It is not easy for me. My family is a family of perfectionists. We are also quirky and accepting and a lot alike each other. Still there is an under current of perfectionism. We are smart and capable in our heads. It is hard I think for all of us to accept that we are not perfect. (Note, this is just my observation, not a judgment or necessarily fact. Even I am capable of over-generalizations.)
We are not unique in this by any standard. I have written before about how entrenched perfectionism is in our society. I think it comes through so easily in media and in the connections of modern technology. I also think that modern technology contains the seeds that may some day do away with so much perfectionism. I intend to do my part.

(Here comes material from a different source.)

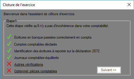 Une fois le bouton Clôture Exercice de cliqué, la fenêtre suivante apparaît. Elle liste des vérifications comptables.

I have failed on my 30 day trial of using Diet Power again. I do think this program is a good tool. I did use it to successfully lose a lot of weight. I have kept that weight off for several months now. I am not sure exactly why it is so hard to persevere now. There are complications in my life, but there are often complications in my life. Perhaps it is because I am healthier, and it no longer feels like a life or death issue. Perhaps I am experiencing growth in other areas. Perhaps I just let little things get to me and then don't get right back on track. Anyways, that is the fact.
I am not perfect.
I will keep on sharing though! I am really enjoying being back in the blogging groove. I do intend to keep striving to eat healthy. I may or may not lose weight. I hope you enjoy sharing my journey!